Looks like it would be easy to run some tape (maybe metal tape used on insulated foam boards?) over the channel the lead screws are in to avoid any further chance of debris getting on the lead screws? Thoughts?
I'm only about half way through the vid but before I forget. If your entire frame was the noise conductor? Why would you not just mount the blackbox with an non conductive buffer material like a 3d printed block and spacer blocks for your wiring and shielding?
Depends on your table size and weight of the gantry. For really long and heavy tables, the belts will stretch slightly, which will affect accuracy. If are making a small table then it should be fine.
I’m no expert in high frequency but what I would do is use wood to separate the power supply from the frame. Make a faraday cage around the black box . Also I think you need to put a loops in your wire with the faraday shunt. Use a rubber mat between the water pan and the frame. Keep the plasma cutter wire separated from the frame. Maybe some kind of shield on the plasma cutter wire. Do not wire tie to frame.

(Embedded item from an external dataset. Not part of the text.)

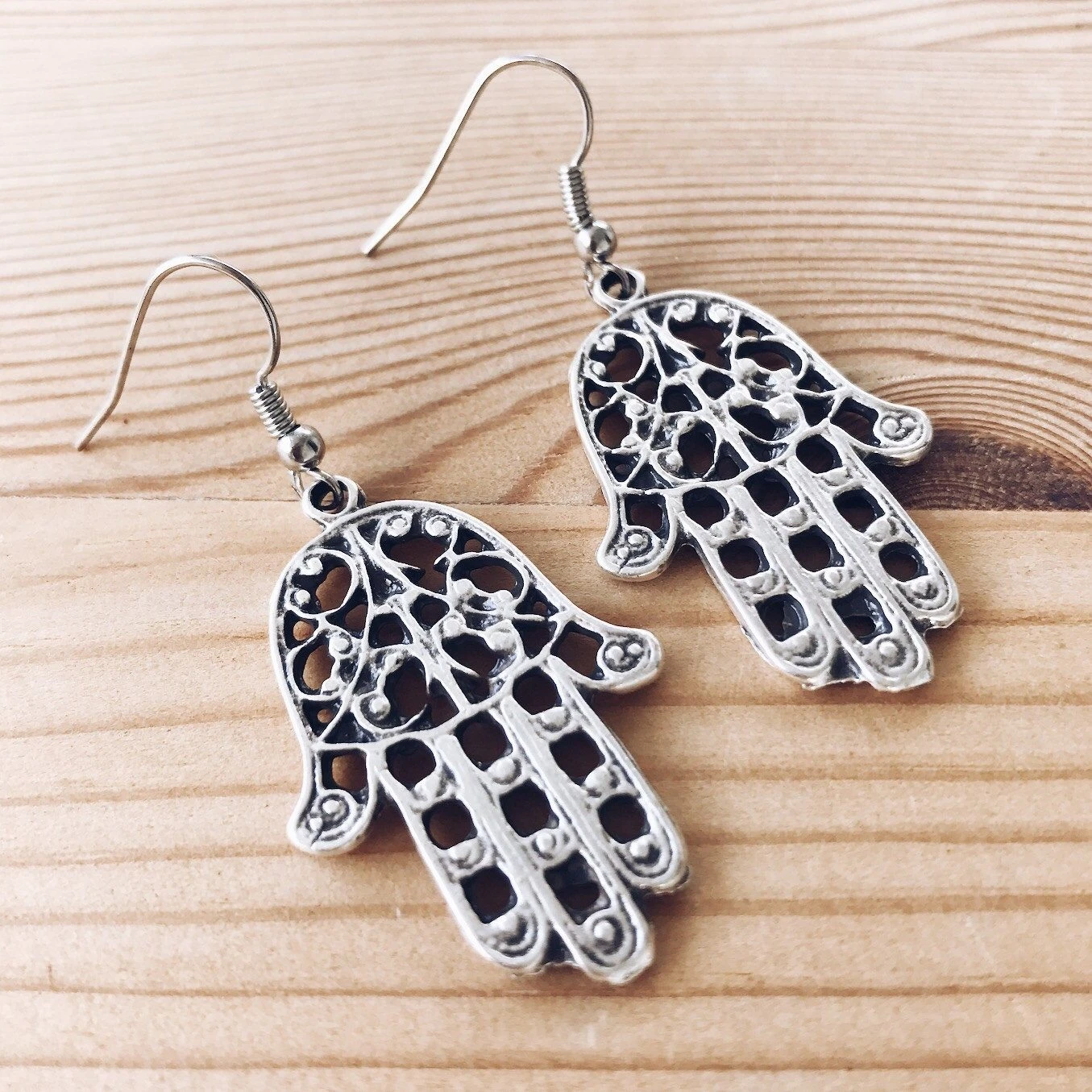 Attract good luck and abundance with our ornate Hamsa Earrings – featuring swirling openwork filigree designs with bead-ball accents.
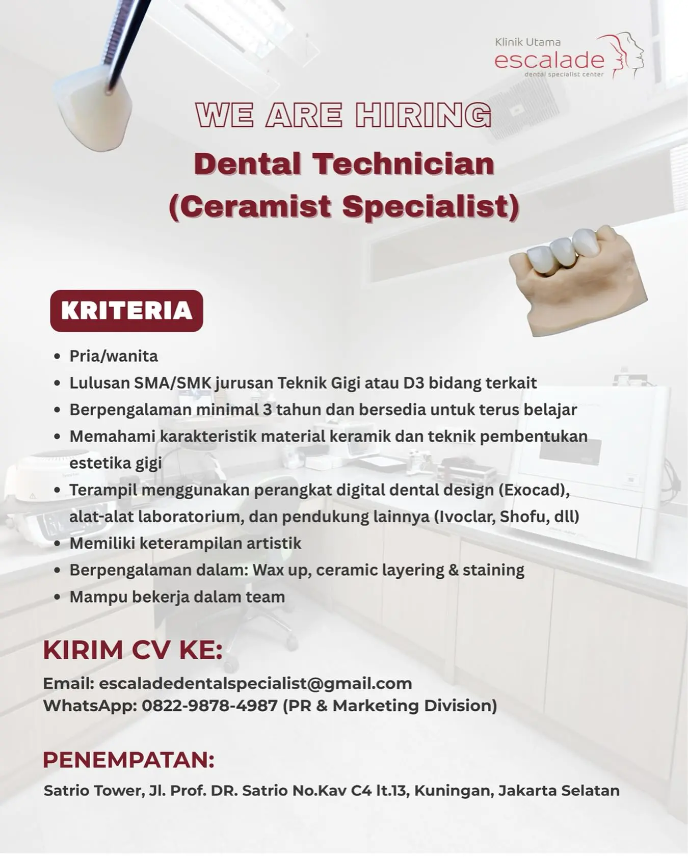 Dibutuhkan Dental Technician (Ceramist Specialist) untuk penempatan di Escalade Dental Specialist Center Jakarta Selatan. Untuk lamaran silahkan kirim melalui email yang tertera.

A simple solution to the problem of the positive connection to the ground terminal remove and insulate the controls and power supply and use a better insulator for the wires such as the plastic tubing that they use for AC units but you can use the flexible insulation for areas that have to move a lot this would keep the computer from becoming shorted by the startup and will make it more or less likely for lower cost plasma cutters to be used. And just based off of what I seen the the power supply was connected to the frame which made it have a short which caused it the trip by separating it keeps the short from ever happening unless it shorts through a motor that is my functioning
David, I have a question for you. Since the water pan, slats and job material sit directly on the frame extrusions and the ground clamp is connected to the work material, do you think that insulating the water pan from the frame would help with EMI? I recently purchased Bestarc 50 plasma cutter, it has a pilot arc start and the euro style torch connections but is not LF. I can only afford one plasma cutter and decided to go the cnc route after I purchased the Bestarc. Thanks so much for your content..
I had a similar problem as you have with the machine shutting down when the plasma starts. The solution for me was to forget about the homing cycle and disconnect the limit switches and wiring, BUT also turn off homing in GRBL as well because if not turned off there is still the chance of the same problem happening. In my case it made no difference until I turned off homing and limits in GRBL, after that I had no problems whatever. I am using GRBL 1.1h
Hey Reg! Thanks for the advice. I unplugged all these wires AND turned off homing in GRBL (and hard limit switch). Was still having tons of problems. The problem with EMI is that it effects everyone different...
Instead of insulating the work from the water table, why don't you insulate the water table from the frame? I don't think that will fix your EMI issue though. Perhaps one way to do that would be to electrically insulate the control module from the frame, and put shielding around every single wire in the system. Make sure the shielding is electrically insulated from the frame as well. Plug the plasma cutter and the control module into different outlets, or preferably different circuits completely. That way the only way the EMI can jump from the frame to the ground of your control module (apart from capacitative coupling) would be to travel up a power cord, through the wiring in your home, and back down another power cord. It wouldn't hurt to put big, beefy ferrite beads on both power cords, either.
What about shielding your pan from the frame with plastic spacers and shielding your sacrificial slats from your pan with the same idea. That way your circuit close is only on the material and slats?